EXERCISE INSTRUCTIONS:
Where the line containing "New Library Sod" appears in the entries below, begin there and output every line through the last, exactly, minus the pictures.

DATA EXTRACTS:
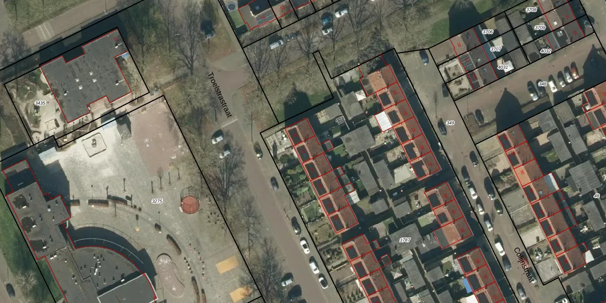 Het perceel waarop Troelstrastraat 20 staat heeft een oppervlakte van 5924 m². Dit is een zeer groot perceel. De perceeloppervlakte wordt geregistreerd door het Kadaster. Gedetailleerde informatie over de maten van dit perceel kunt u vinden in het rapport Kadastrale kaart met maatvoering van Troelstrastraat 20.
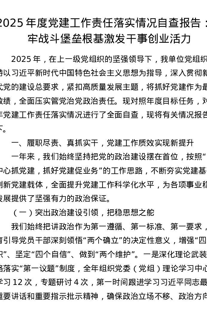 2025年度党建工作责任落实情况自查报告:筑牢战斗堡垒根基 激发干事创业活力
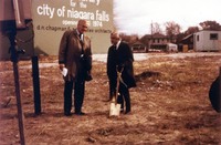 New Library Sod Turning Ceremony on future library site on Victoria Avenue. Left-Right. George H. Hamilton, Chairman Niagara Falls Public Library Board and Mayor George Bukator
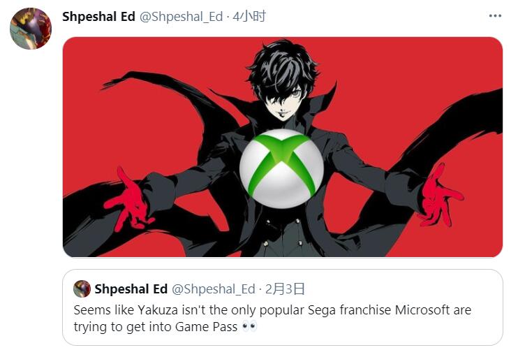 【传闻《女神异闻录5》或即将加入XGP?!】又是一个关于XGP的爆料,这次的爆料来源同样是Shpeshal Ed,此人以往不仅多次爆料Game Pass新闻,还在近期准确爆料了《最终幻想7 重制版》加入PS+会免。事情的出处是这样的,首先Shpeshal Ed在2月3日表示“除了《人中之龙》之外,微软还在试图将SEGA另一款高人气游戏带入XGP”,然后就在刚才Shpeshal Ed发布了一张《女神异闻录5》和Xbox图标的图片。由于今天微软突然宣布将《传说之下》和《八方旅人》这两款此前没有Xbox One版的游戏加入XGP,所以Shpeshal Ed的这次爆料也在海外玩家中引起了热烈讨论!
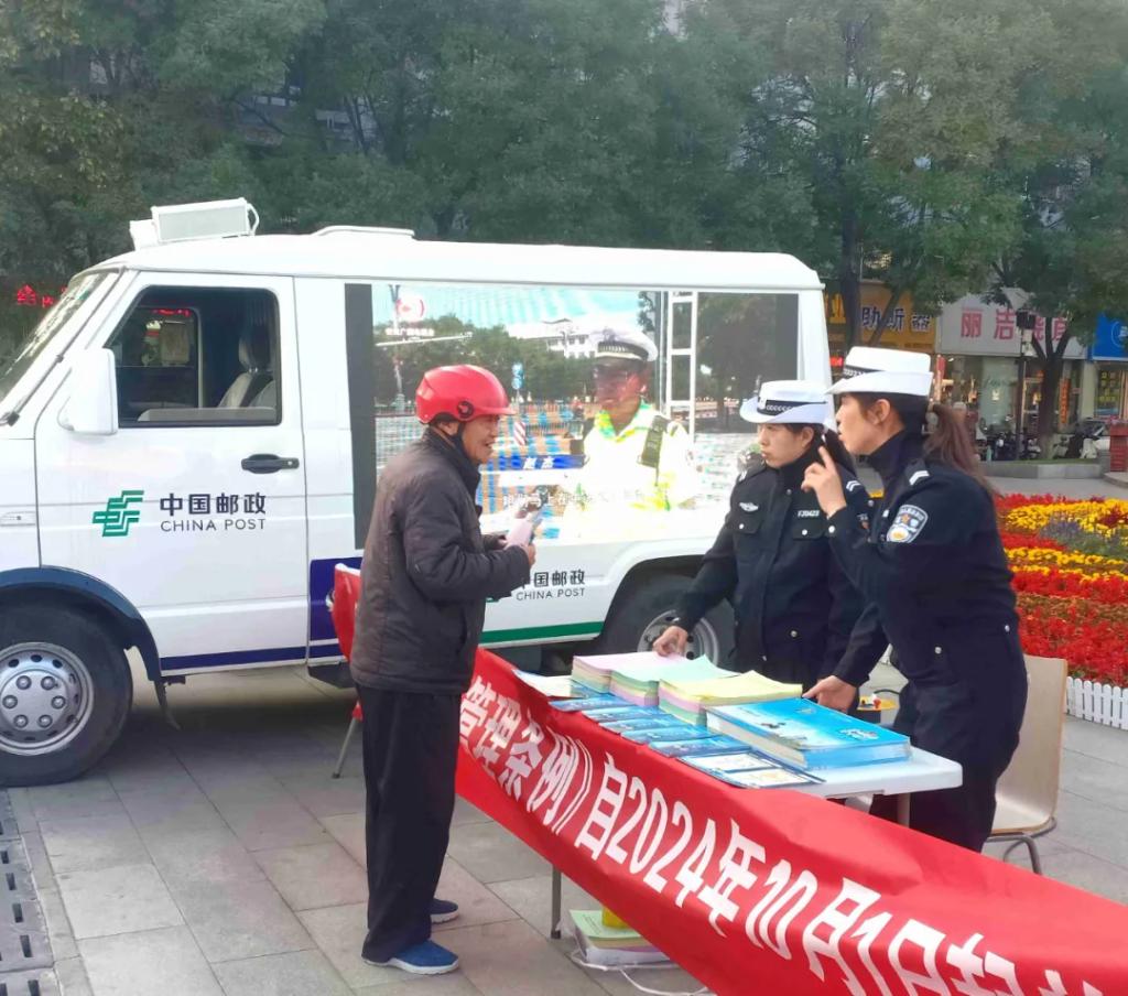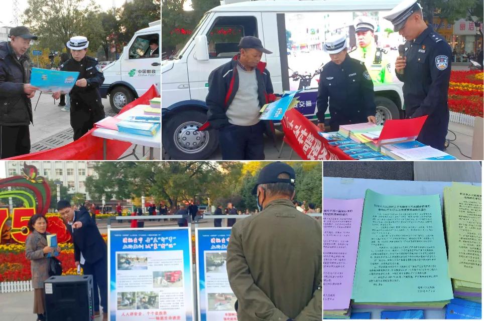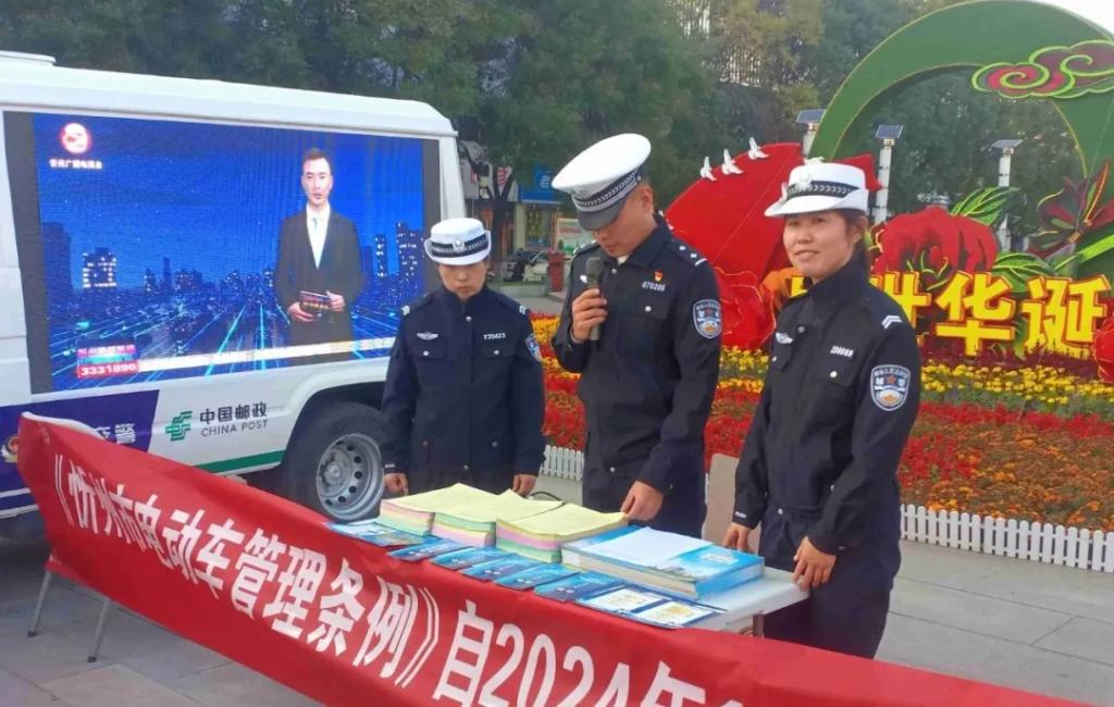 在人頭攢動的廣場上,“一盔一帶”宣傳展板、警郵直播車大屏幕吸引了過往群眾駐足觀看。“大媽,新修訂的《忻州市電動車管理條例》已于本月1日起開始施行,您知道嗎?”“大叔,您這舊的電動自行車要抓緊時間登記備案、辦理臨時牌照,咱忻府區(qū)24個警郵合作電動自行車便民登記服務網點都能辦理過渡期臨牌”“騎乘電動自行車必須要佩戴安全頭盔,不能闖紅燈、逆行......”

PROBLEM SOLUTION:
 New Library Sod Turning Ceremony on future library site on Victoria Avenue. Left-Right. George H. Hamilton, Chairman Niagara Falls Public Library Board and Mayor George Bukator
 【传闻《女神异闻录5》或即将加入XGP?!】又是一个关于XGP的爆料,这次的爆料来源同样是Shpeshal Ed,此人以往不仅多次爆料Game Pass新闻,还在近期准确爆料了《最终幻想7 重制版》加入PS+会免。事情的出处是这样的,首先Shpeshal Ed在2月3日表示“除了《人中之龙》之外,微软还在试图将SEGA另一款高人气游戏带入XGP”,然后就在刚才Shpeshal Ed发布了一张《女神异闻录5》和Xbox图标的图片。由于今天微软突然宣布将《传说之下》和《八方旅人》这两款此前没有Xbox One版的游戏加入XGP,所以Shpeshal Ed的这次爆料也在海外玩家中引起了热烈讨论!
 在人頭攢動的廣場上,“一盔一帶”宣傳展板、警郵直播車大屏幕吸引了過往群眾駐足觀看。“大媽,新修訂的《忻州市電動車管理條例》已于本月1日起開始施行,您知道嗎?”“大叔,您這舊的電動自行車要抓緊時間登記備案、辦理臨時牌照,咱忻府區(qū)24個警郵合作電動自行車便民登記服務網點都能辦理過渡期臨牌”“騎乘電動自行車必須要佩戴安全頭盔,不能闖紅燈、逆行......”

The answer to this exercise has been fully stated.